Lane Smith (born August 25, 1959) is an American illustrator and writer of children's books. He is the Kate Greenaway medalist (2017) known for his eclectic visuals and subject matter, both humorous and earnest, such as the contemplative Grandpa Green, which received a Caldecott Honor in 2012, and the outlandish Stinky Cheese Man, which received a Caldecott Honor in 1992.

==Biography==
Smith was born in Tulsa, Oklahoma on August 25, 1959. At a young age he moved to Corona, California, and returned to Tulsa during the summers on Route 66, where he later drew aesthetic inspiration for his work, which combines highbrow and lowbrow elements. Smith was artistic from an early age and stated that he "can never remember a time when I didn’t draw". At age seven, his uncle Orlin encouraged his artistic talents, praising Smith's doodles to his parents. At the encouragement of his high school art teacher, Dan Baughman, Smith studied at Art Center College of Design in Pasadena, California.

To help pay tuition, Smith worked as a janitor at Disneyland. In addition, Smith's illustrations appeared in alternative newspapers including L.A. Weekly, L.A. Reader and for the punk magazine No Mag while he was a student. In 1983, Smith illustrated album covers for the band Oingo Boingo (Good For Your Soul) and The Dickies (Stukas Over Disneyland). In 1983, he graduated from Art Center with a Bachelor of Fine Arts in illustration.
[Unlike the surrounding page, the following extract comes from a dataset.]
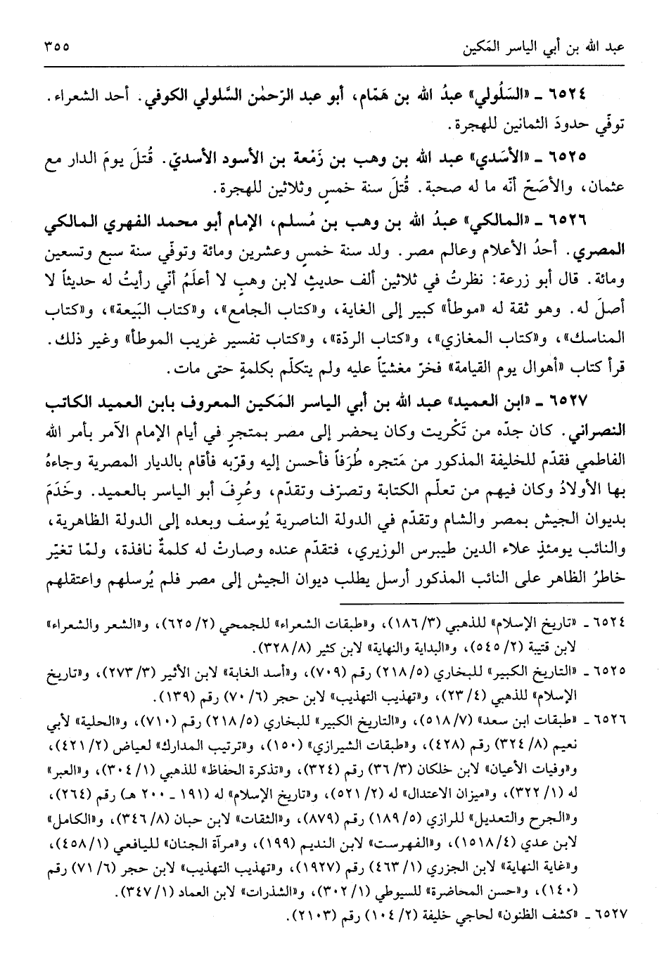 الْمَالِكِي عبد الله بن وهب بن مُسلم الإِمَام أَبُو مُحَمَّد الفِهري الْمَالِكِي الْمصْرِيّ أحد الْأَعْلَام وعالم مصر ولد سنة خمسٍ وَعشْرين وَمِائَة وَتُوفِّي سنة سبع وَتِسْعين وَمِائَة قَالَ أَبُو زرْعَة نظرت فِي ثَلَاثِينَ ألف حَدِيث لِابْنِ وهب لَا أعلم أَنِّي رَأَيْت لَهُ حَدِيثا وَلَا أصل لَهُ وَهُوَ ثِقَة لَهُ موطأ كَبِير إِلى الْغَايَة وَكتاب الْجَامِع وَكتاب الْبيعَة وَكتاب الْمَنَاسِك وَكتاب الْمَغَازِي وَكتاب الرِّدَّة وَكتاب تَفْسِير غَرِيب الْمُوَطَّأ وَغير ذَلِك قَرَأَ كتاب أهوال يَوْم الْقِيَامَة فَخر مغشياً عَلَيْهِ وَلم يتَكَلَّم بكلمةٍ حَتَّى مَاتَ

After graduation, Smith moved to New York City, where he freelance illustrated for various publications, including TIME, Mother Jones, Ms., Sports Illustrated, The New York Times, Newsweek, Rolling Stone, The Progressive, The Atlantic, The Boston Globe, Sesame Street Magazine and others.

==Children's books==
Smith is most noted for his work on bestselling and award-winning children's books. He collaborated with writer Jon Scieszka on award-winning and bestselling picture books between 1989 and 2007. Their two most popular books, The True Story of the 3 Little Pigs! (1989) and The Stinky Cheese Man (1992), have been ranked among the 100 best picture books of all time by TIME magazine and School Library Journal. Smith also illustrated nine of Scieszka's The Time Warp Trio novels. He and Scieszka were introduced by their wives, Molly Leach and Jeri Hansen, in the late 1980s.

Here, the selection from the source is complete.